Please help me to find text in pdf file and get its pagenumber and line number

Please help me to find text in pdf file and get its pagenumber and line number.

@Amisha43

To find text in a PDF file and retrieve its page number and line number using Aspose.PDF for .NET, you can utilize the TextFragmentAbsorber class. This class allows you to search for specific text across all pages of a PDF document. Below is a step-by-step guide along with a code example to help you achieve this.

Steps to Find Text and Get Page and Line Numbers

  1. Set Up Your Project: Create a new C# project and add a reference to the Aspose.PDF for .NET library.

  2. Load the PDF Document: Use the Document class to load your PDF file.

  3. Create a TextFragmentAbsorber: Instantiate a TextFragmentAbsorber object with the text you want to search for.

  4. Accept the Absorber: Call the Accept method on the Pages collection of the document to search through all pages.

  5. Retrieve Text Fragments: Access the TextFragments property of the absorber to get the collection of matching text fragments.

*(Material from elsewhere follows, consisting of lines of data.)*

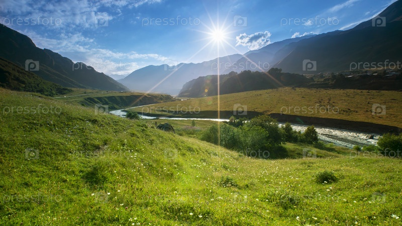 Красивый вид на горы, освещенные солнцем летом. Грузия, Европа. Кавказские горы
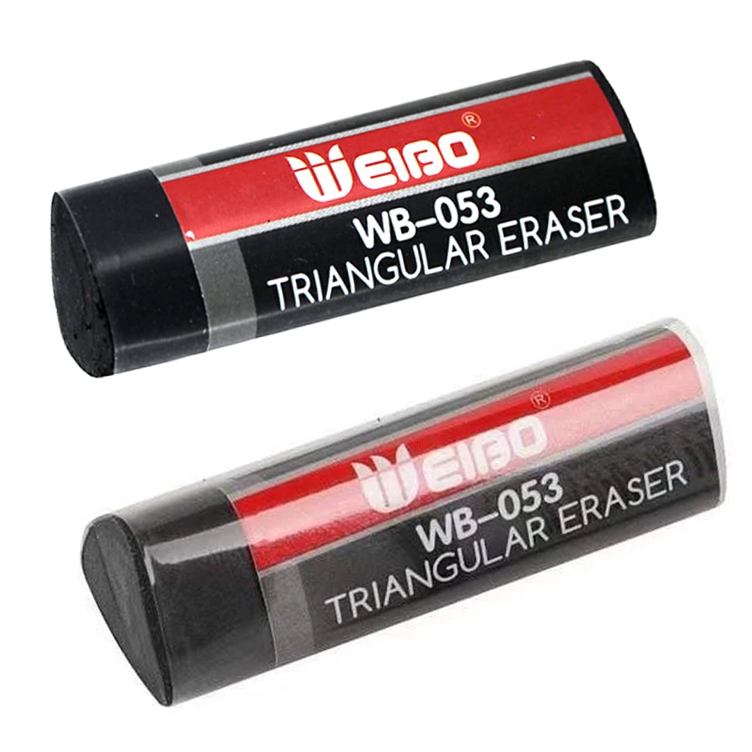 Черный ластик Weibo треугольной форме изготовлен из качественного материала PVC, он не имеет запаха, не оставляет пыли, и легко очищается.Он идеально подходит для точного стирания графитных линий при рисунке, черчении или офисной работе. Удобно ложится в руку, а картонный держатель в зоне захвата повышает комфорт в использовании.
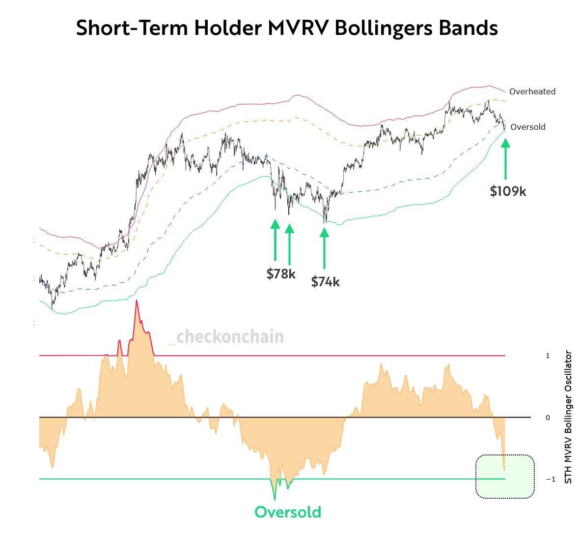 “On the pullback to $109K, $BTC tapped the ‘oversold’ zone on the short-term holder MVRV Bollinger Band,” said analyst Frank Fetter in an X post on Thursday.
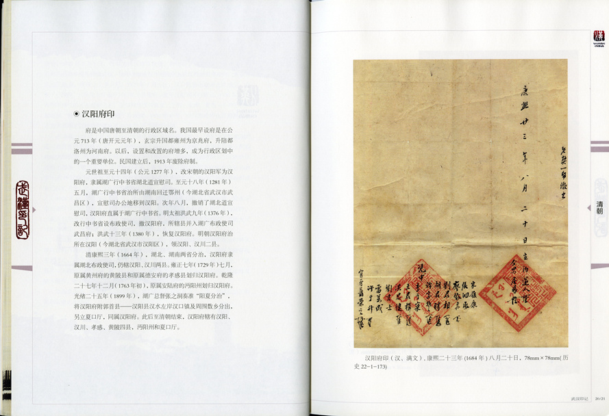 《武汉印记》一书,以武汉市档案馆藏反映武汉地区城市发展历史、地方行政建制变迁、能凸显武汉中心城市地位的钤记和印模为主体,辅以印章使用机构的文字说明。不仅从一个独特的角度印证了政治制度的变革、民国时期的官制、用印制度和文书制度,也印记下大武汉民国华中政治、经济、交通、文教中心的荣辱兴衰及曲折的建市与市政发展史,从中可以管窥中国近现代城市的变迁。此书既能成为鉴别历史文件(可移动文物)的参考书,也是一部“印说武汉行政建制史”,填补了武汉城市史研究的空白。
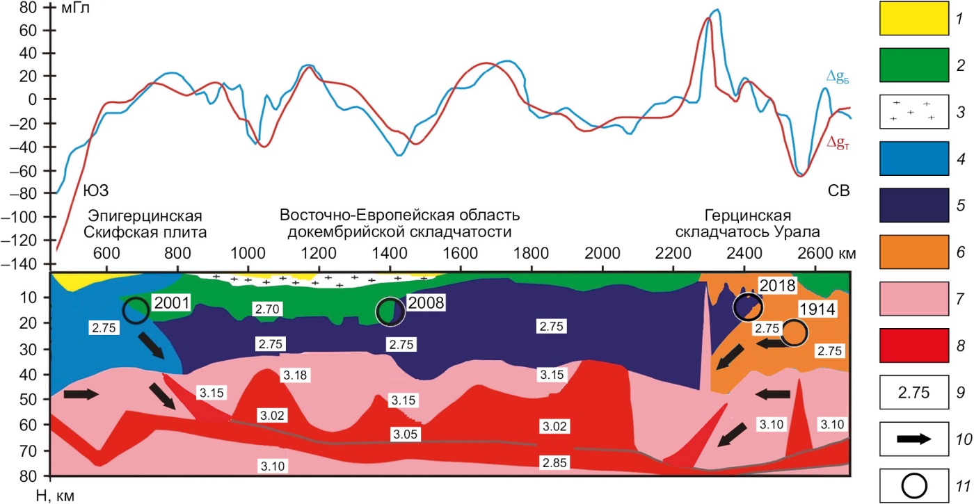 Породы осадочной толщи: 1 – мезокайнозойского возраста, 2 – палеозойского возраста, 3 – соленосные толщи. Породы кристаллического фундамента: 4 – эпигерцинского возраста, 5 – архей-протерозойского возраста, 6 – герцинского возраста. Породы мантии: 7 – нормально уплотненные, 8 – разуплотненные, 9 – значения плотности; 10 – направления движения литосферных мегаблоков; 11 – гипоцентры сильных землетрясений магнитудой 5 и более с указанием года: Сальского – ПК 700, Шалкарского – ПК 1400, Билимбаевского и Уральского – ПК 2400 – 2500. ∆gБ – кривая гравитационного поля в редукции Буге, ∆gТ – рассчитанная кривая гравитационного поля.
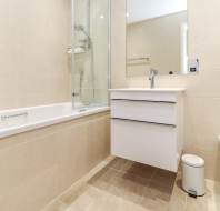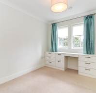 Guest bedroom has built-in wardrobes and fitted dressing/office table. The apartment has a fully equipped SieMatic kitchen with integrated Neff appliances including Neff fridge/freezer, Neff fan assisted oven, hob, dishwasher and washer/dryer
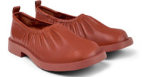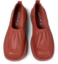 DESCRIPTION - round toe - leather loop at the back for easy slipping on and off - closed DETAILS AND CARE MATERIAL: Outer : 100% Smooth Leather / internal : 100% Leather / Sole : 100% Cork HEEL HEIGHT: 0.1 cm / 0 " COLOR: medium_red COUNTRY OF MANUFACTURE: Vietnam PRODUCT CODE: CLL98262RED742AA00
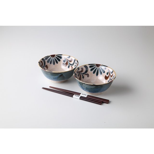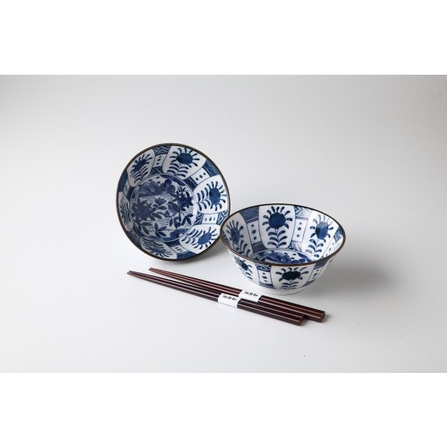 日本美濃燒陶瓷草花瓦碗連筷子套裝 (日本製)
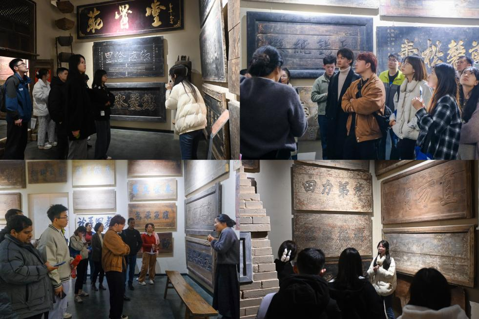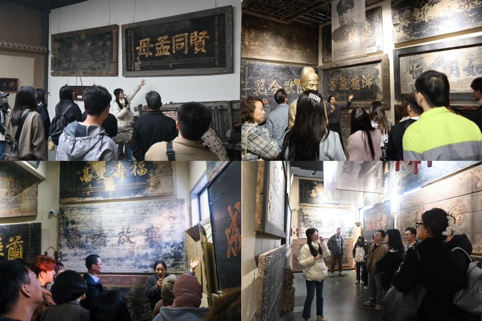 华夏匾额博物馆收藏、展出明清至近代藏品300余件,展厅主要由匾额制作场景复原、额篇、匾篇组成,根据不同匾额意蕴分为堂号、科考、节孝、贞节、名望、祝寿等多个篇章。讲解员耐心地向大家详细阐释各种匾额的不同用途及其独特的悬挂位置差异,让大家了解到匾额是集文学艺术、书法篆刻、建筑装饰于一体的艺术形式,从大小不同的匾额可以欣赏到凝练的文辞之“美”和精湛的书法之“美”,更是深刻体会到其背后所蕴含的中华优秀传统文化意蕴和中国古人的价值观念、精神追求。
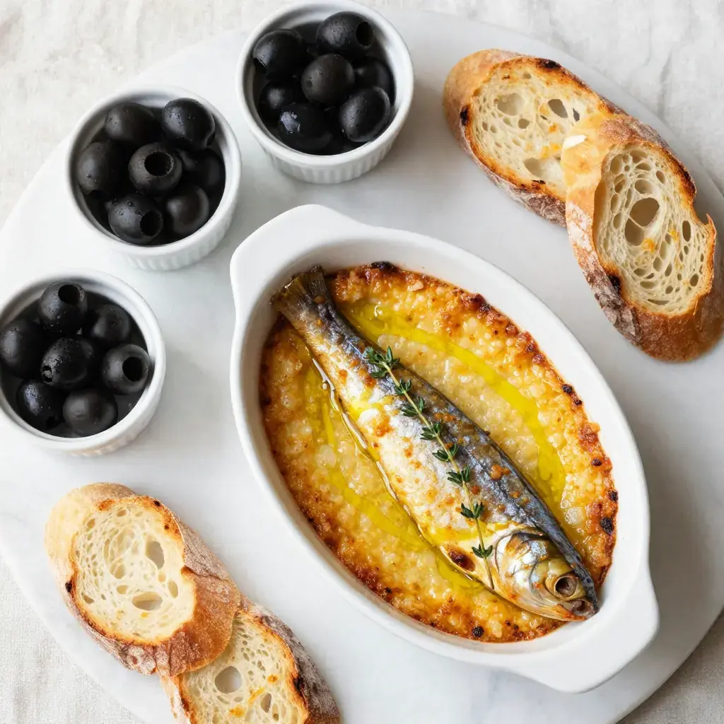 - Serve hot with toasted baguette, olives, and caperberries.

  6. Loop Through the Fragments: Iterate through the fragments to get their properties, including the page number and line number.

Code Example

Here’s a sample code snippet demonstrating how to find text and get its page number and line number:

using System;
using Aspose.Pdf;
using Aspose.Pdf.Text;

namespace Aspose.Pdf.Examples
{
    public class SearchTextInPdf
    {
        public static void Run()
        {
            // Load the PDF document
            Document pdfDocument = new Document("path/to/your/document.pdf");

            // Create a TextFragmentAbsorber to find instances of the input search phrase
            TextFragmentAbsorber textFragmentAbsorber = new TextFragmentAbsorber("your search text");

            // Accept the absorber for all pages
            pdfDocument.Pages.Accept(textFragmentAbsorber);

            // Get the extracted text fragments
            TextFragmentCollection textFragmentCollection = textFragmentAbsorber.TextFragments;

            // Loop through the fragments
            foreach (TextFragment textFragment in textFragmentCollection)
            {
                // Get the page number
                int pageNumber = textFragment.Page.Number;

                // Get the line number (YIndent can be used to determine line position)
                float yIndent = textFragment.Position.YIndent;

                Console.WriteLine($"Text: {textFragment.Text}");
                Console.WriteLine($"Page Number: {pageNumber}");
                Console.WriteLine($"Line Y-Position: {yIndent}");
            }
        }
    }
}

Explanation of the Code

  • The TextFragmentAbsorber is initialized with the text you want to search for.
  • The Accept method is called on the Pages collection to search through all pages.
  • The TextFragments property provides access to the matching text fragments.
  • For each fragment, you can retrieve the page number and the Y position, which can help you determine the line number based on your layout.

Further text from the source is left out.